Correspondence should be addressed to Masahiro Akiba; pj.oc.nocpot@abika-m

Received 27 December 2017; Revised 6 April 2018; Accepted 18 April 2018; Published 19 June 2018

Academic Editor: Altaf Hussain

Copyright © 2018 Guangzhou An et al. This is an open access article distributed under the Creative Commons Attribution License, which permits unrestricted use, distribution, and reproduction in any medium, provided the original work is properly cited.

Abstract

This study develops an objective machine-learning classification model for classifying glaucomatous optic discs and reveals the classificatory criteria to assist in clinical glaucoma management.
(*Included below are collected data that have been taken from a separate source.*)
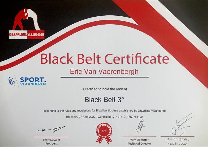 Lineage: Kanō Jigorō > Mitsuyo Maeda > Carlos Gracie > Helio Gracie > Flavio Behring > Mario D'Hoker > Eric Van Vaerenbergh
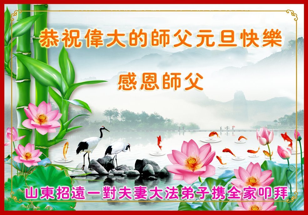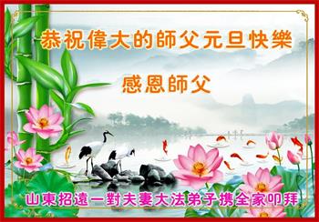 弟子永远感恩师父!坚信大法,坚修大法,助师救人,广传真相。 山东一大法弟子代表我们学法小组和我的全家向慈悲伟大的师尊问好!恭祝慈悲伟大的师尊新年快乐!
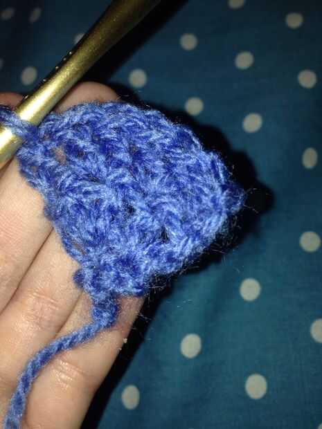 En la primera puntada de la siguiente fila del ganchillo una puntada doble, en las siguientes dos puntadas crochet dos dobles en dos de ellos, entonces sólo un doble en la próxima puntada
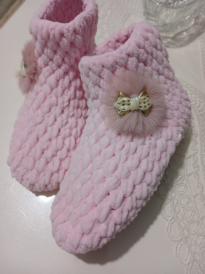 Kız çocukları için pembe renkli, yumuşak trikodan örülmüş, fiyonk ve tüylü süslemeli sıcak ev botu.
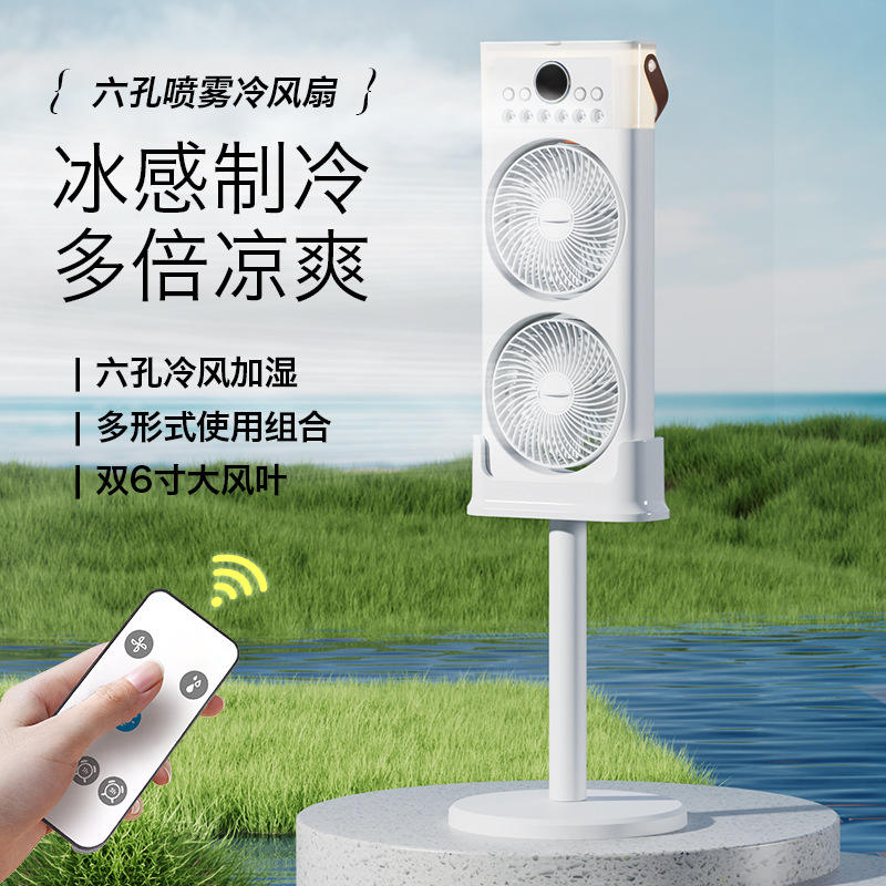 เครื่องทำความเย็นแบบตั้งโต๊ะ 6 รู พร้อมฟังก์ชั่นเพิ่มความชื้นและฟอกอากาศ สำหรับใช้ในสำนักงานหรือหอพัก
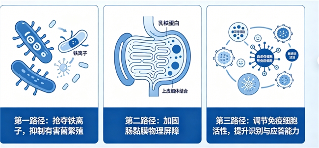 乳铁蛋白本身具有结合铁离子、抑制有害菌繁殖的作用;免疫球蛋白则能中和肠道内毒素与病原体片段;IDP®作为天然乳源复合蛋白,含多种小分子活性肽,可促进肠上皮细胞修复与黏膜免疫应答。三者叠加,从抑制致病菌、加固物理屏障、激活局部免疫三个层面协同作用。搭配的鼠李糖乳酪杆菌GG定植于肠道后,可分泌短链脂肪酸,进一步优化菌群结构,缓解因菌群失衡引发的腹泻倾向。

In this study, 163 glaucoma eyes were labelled with four optic disc types by three glaucoma specialists and then randomly separated into training and test data. All the images of these eyes were captured using optical coherence tomography and laser speckle flowgraphy to quantify the ocular structure and blood-flow-related parameters. A total of 91 parameters were extracted from each eye along with the patients’ background information. Machine-learning classifiers, including the neural network (NN), naïve Bayes (NB), support vector machine (SVM), and gradient boosted decision trees (GBDT), were trained to build the classification models, and a hybrid feature selection method that combines minimum redundancy maximum relevance and genetic-algorithm-based feature selection was applied to find the most valid and relevant features for NN, NB, and SVM. A comparison of the performance of the three machine-learning classification models showed that the NN had the best classification performance with a validated accuracy of 87.8% using only nine ocular parameters. These selected quantified parameters enabled the trained NN to classify glaucomatous optic discs with relatively high performance without requiring color fundus images.